CodePudding user response:
You need first to check that you are running with the super user access rights to access all the processes. But If you were running this issue, you would get EPERM error I guess.
Anyway, we can't reliably access all the files in /proc/ as processes are appearing and disappearing during the system life. Even the program you launch, creates an entry in /proc and makes it disappear when it finishes...
The reason why you get the error for pids bigger than a certain value comes from the fact any newly running process gets a incrementing pid value. The maximum value before rolling back to 0 is in /proc/sys/kernel/pid_max. And the current last used pid number is /proc/sys/kernel/ns_last_pid. Moreover, low pid values are typically long running processes...
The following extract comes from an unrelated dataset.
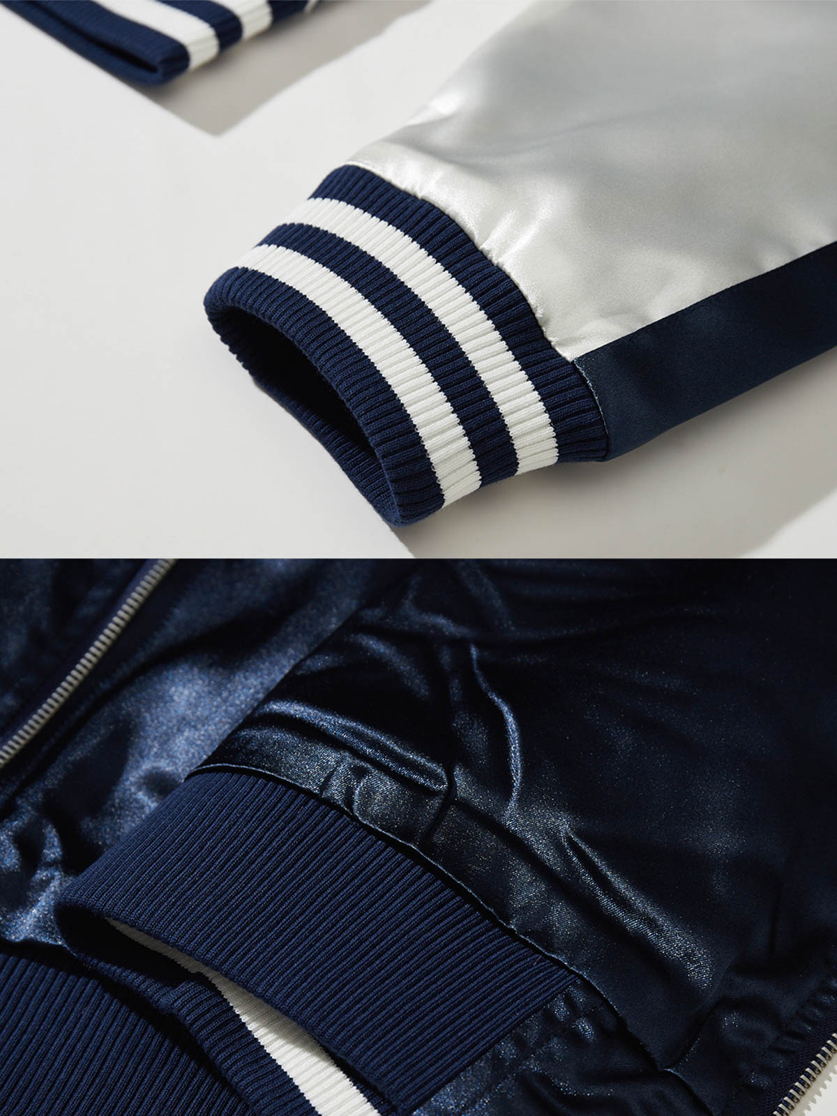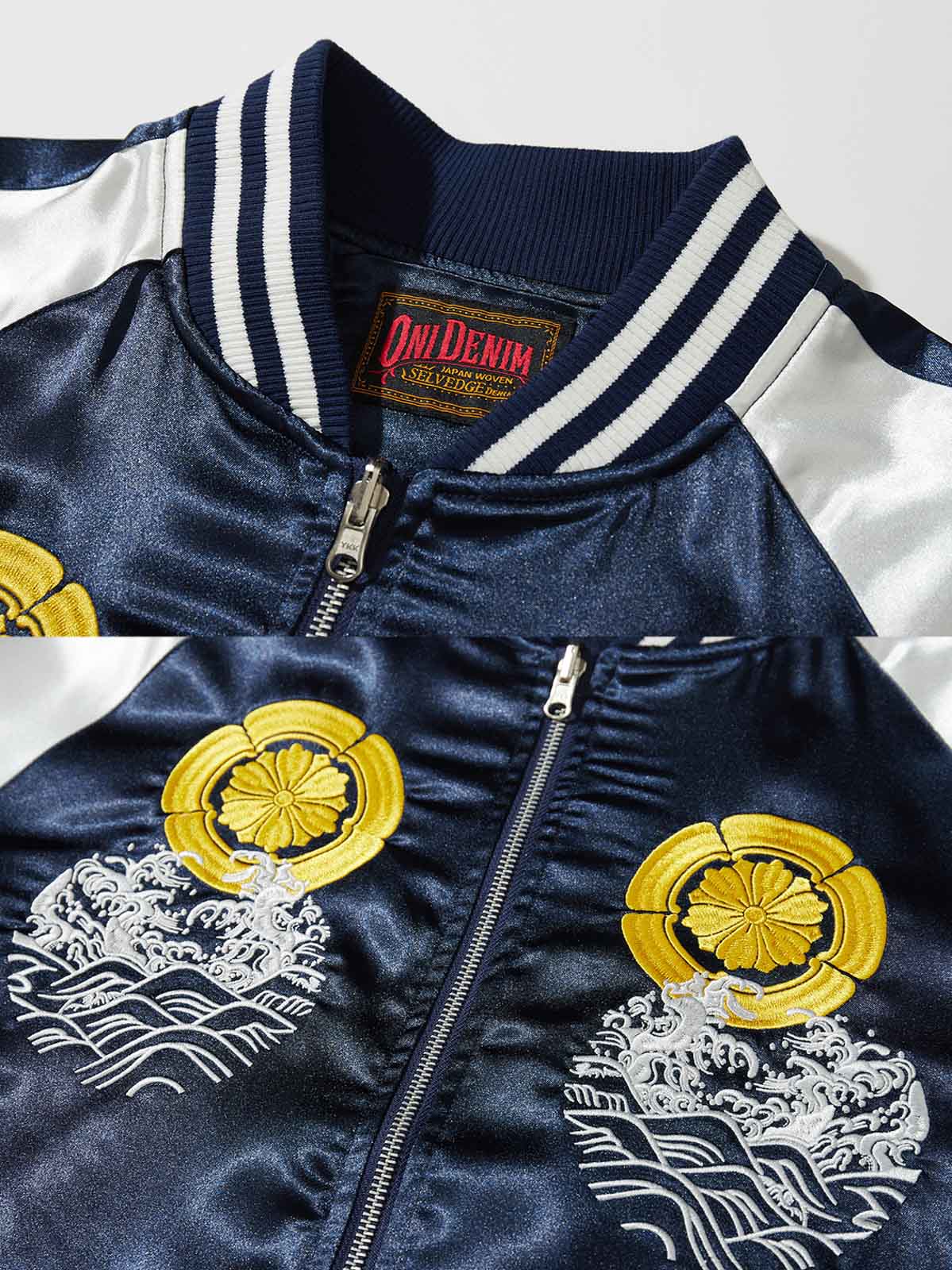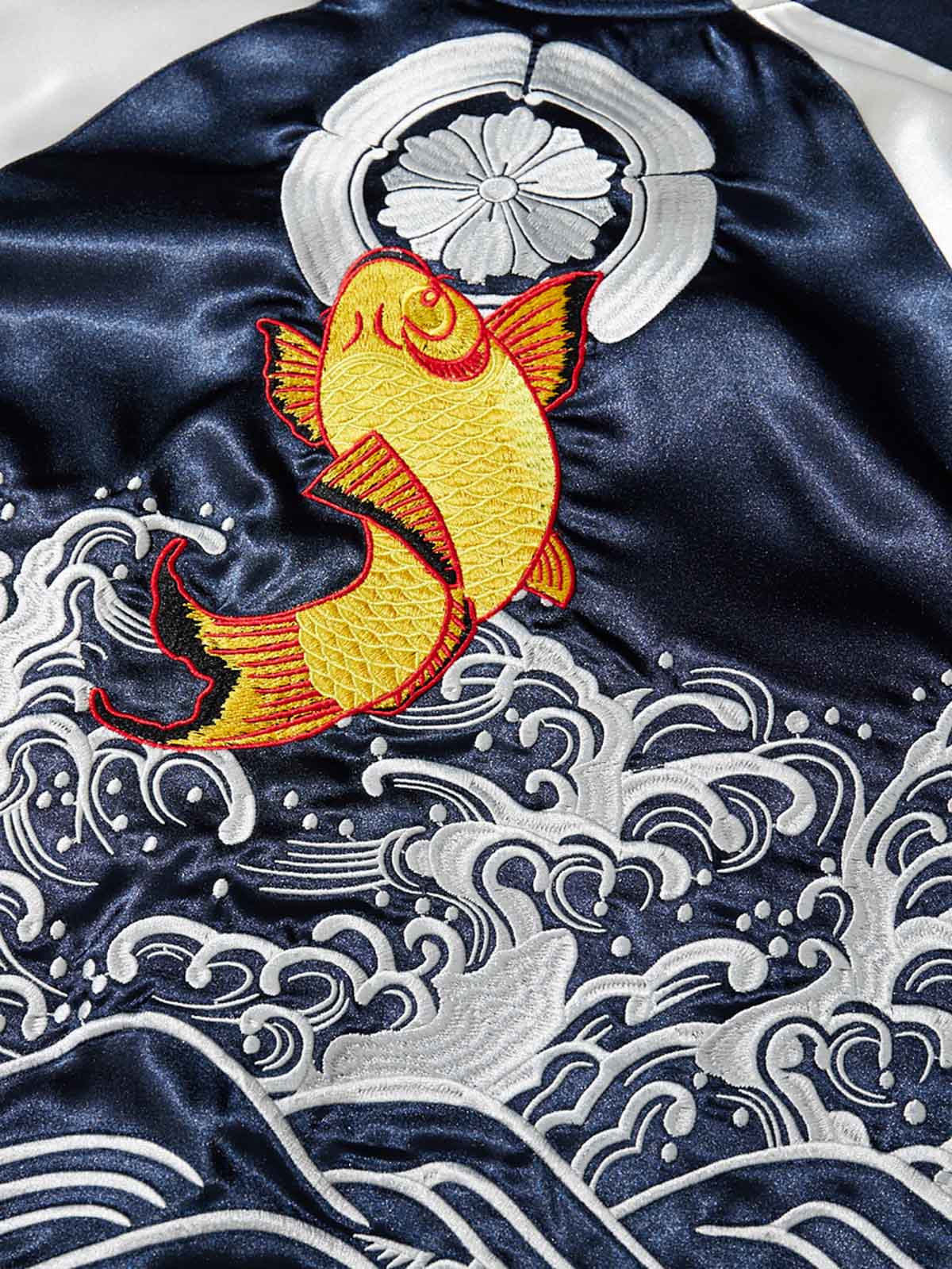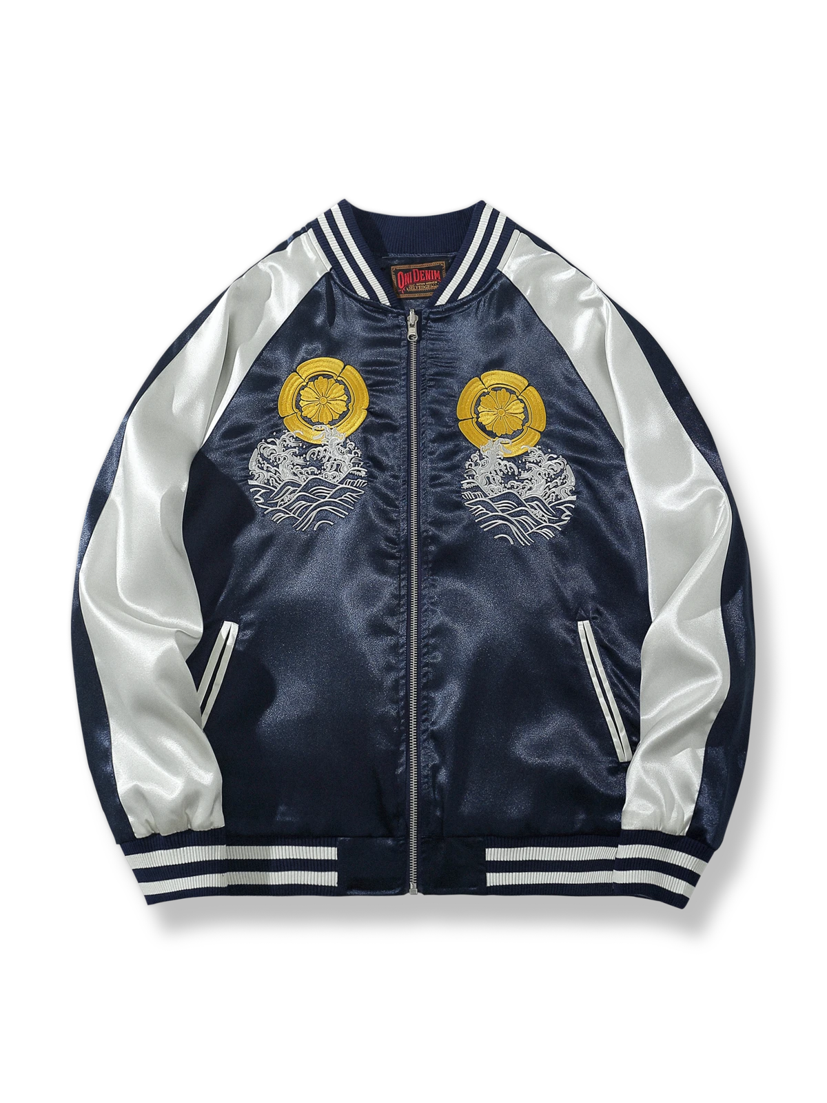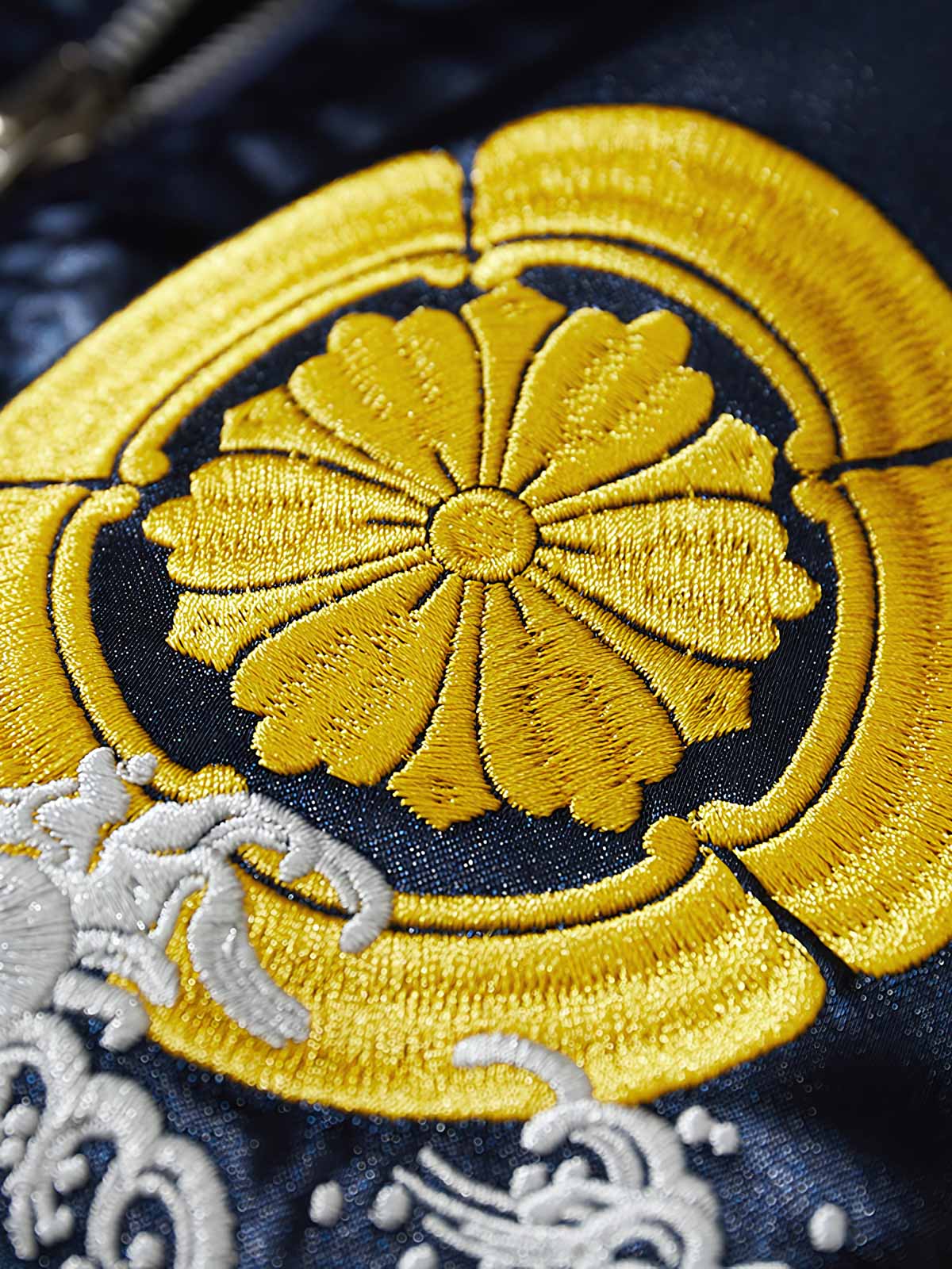 このフライトジャケットは、横須賀の濃厚な日本文化を特徴とする刺繍技術を用い、波と鯉の図案を主要なデザイン要素としています。刺繍は滑らかで、色彩が鮮やかで、日本の浮世絵の美学を生き生きと表現しています。内側は通常、滑らかなサテン素材で、着心地と滑りの良さを向上させています。

PS: A dead process may still exist in a sort of zombie state after it terminates to make available its termination status to the reaper process which is:
- Either its father if the latter is still running (it is supposed to get the status with a call to
wait()
) - Or the init process if the father is dead.
Consider the following program where a process creates a child process. The latter terminates (it merely calls exit(2)
). But the father process does not reap it as it enters an infinite wait calling pause()
:
#include <sys/types.h>
#include <unistd.h>
#include <stdlib.h>
int main(void)
{
if (fork()==0) {
// child process
exit(2);
}
pause();
return 0;
}
Compile it and run it in background:
$ gcc pf.c -o pf
$ ./pf &
[3] 29979
The ps
command still shows the child process (pid = 29980) which is dead:
$ ps -ef
[...]
xxx 29979 17898 0 20:19 pts/0 00:00:00 ./pf
xxx 29980 29979 0 20:19 pts/0 00:00:00 [pf] <defunct>
xxx 29983 17898 0 20:20 pts/0 00:00:00 ps -ef
The kernel waits the father process to reap the process but as the latter is waiting indefinitely, it does not do the job (status collection with a call to wait()
). Hence, the child process is in the zombie state (Z letter in the 3rd field of stat file):
$ cat /proc/29980/stat
29980 (pf) Z 29979 29979 17898 34816 29991 4227140 18 0 0 0 0 0 0 0 20 0 1 0 3701092 0 0 18446744073709551615 0 0 0 0 0 0 0 0 0 0 0 0 17 3 0 0 0 0 0 0 0 0 0 0 0 0 512
If you kill the father process, the child process will be attached to the init process which will reap it. Meanwhile, it your program tries to read the stat file, it may encounter the ENOENT error because of the reaper which did the status collection and triggered the removing of the /proc entry.